# Instructions to follow
The material below contains a line with "四川洋诚自动化设备有限公司是" and a line with "وكما أن حرف". Copy exactly those two lines and all lines between them.
Dataset excerpts START
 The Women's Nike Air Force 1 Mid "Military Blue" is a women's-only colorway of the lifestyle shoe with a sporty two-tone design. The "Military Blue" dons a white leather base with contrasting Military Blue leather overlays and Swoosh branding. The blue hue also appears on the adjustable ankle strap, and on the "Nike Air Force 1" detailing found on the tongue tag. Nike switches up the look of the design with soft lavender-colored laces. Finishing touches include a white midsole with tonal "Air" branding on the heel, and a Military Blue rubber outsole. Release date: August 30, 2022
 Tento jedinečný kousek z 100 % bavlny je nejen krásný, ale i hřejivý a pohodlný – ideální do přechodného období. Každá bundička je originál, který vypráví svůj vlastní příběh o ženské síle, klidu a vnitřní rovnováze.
Dataset excerpts END
Dataset excerpts START
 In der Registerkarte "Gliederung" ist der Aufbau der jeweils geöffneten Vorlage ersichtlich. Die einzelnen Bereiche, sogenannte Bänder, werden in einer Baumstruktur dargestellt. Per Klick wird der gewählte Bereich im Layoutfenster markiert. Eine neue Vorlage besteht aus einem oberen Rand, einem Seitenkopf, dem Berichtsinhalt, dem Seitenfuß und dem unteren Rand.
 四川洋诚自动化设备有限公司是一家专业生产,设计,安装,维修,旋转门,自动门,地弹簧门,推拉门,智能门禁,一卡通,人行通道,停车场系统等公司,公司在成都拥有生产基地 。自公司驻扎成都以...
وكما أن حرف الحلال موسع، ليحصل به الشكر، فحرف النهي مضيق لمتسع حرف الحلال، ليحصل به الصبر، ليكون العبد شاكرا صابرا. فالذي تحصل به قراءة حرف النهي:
Dataset excerpts END
Dataset excerpts START
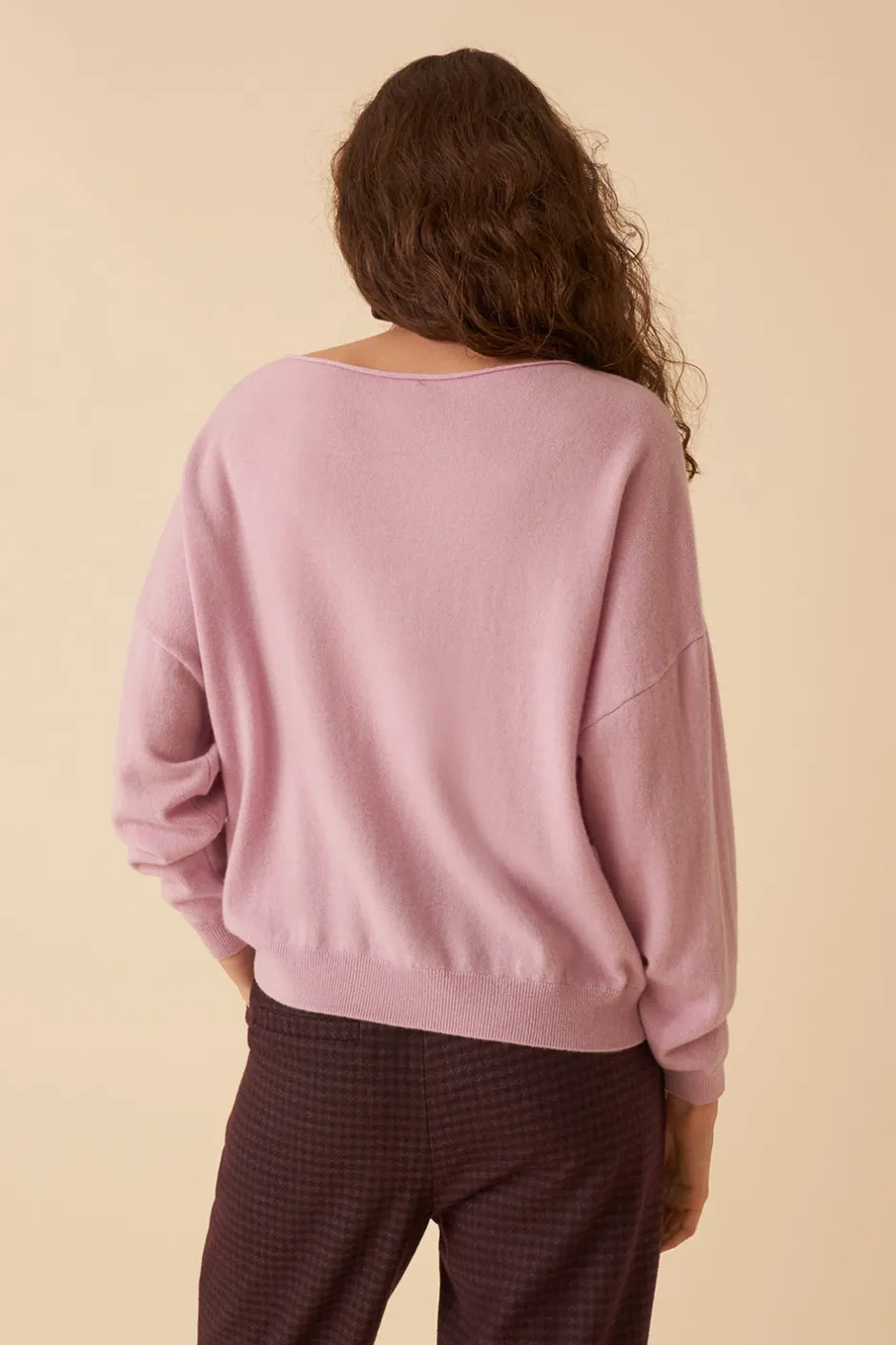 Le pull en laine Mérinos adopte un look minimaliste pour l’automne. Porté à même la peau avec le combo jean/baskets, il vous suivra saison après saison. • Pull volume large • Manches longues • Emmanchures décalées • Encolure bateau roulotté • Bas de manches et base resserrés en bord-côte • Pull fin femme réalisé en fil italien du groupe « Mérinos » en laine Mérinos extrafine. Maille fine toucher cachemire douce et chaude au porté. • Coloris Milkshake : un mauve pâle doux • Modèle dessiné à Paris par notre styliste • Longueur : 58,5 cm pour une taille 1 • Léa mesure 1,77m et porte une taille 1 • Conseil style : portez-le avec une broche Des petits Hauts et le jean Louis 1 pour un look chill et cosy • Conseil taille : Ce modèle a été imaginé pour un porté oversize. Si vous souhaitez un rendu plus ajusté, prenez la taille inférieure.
Dataset excerpts END
# Reply
 四川洋诚自动化设备有限公司是一家专业生产,设计,安装,维修,旋转门,自动门,地弹簧门,推拉门,智能门禁,一卡通,人行通道,停车场系统等公司,公司在成都拥有生产基地 。自公司驻扎成都以...
وكما أن حرف الحلال موسع، ليحصل به الشكر، فحرف النهي مضيق لمتسع حرف الحلال، ليحصل به الصبر، ليكون العبد شاكرا صابرا. فالذي تحصل به قراءة حرف النهي:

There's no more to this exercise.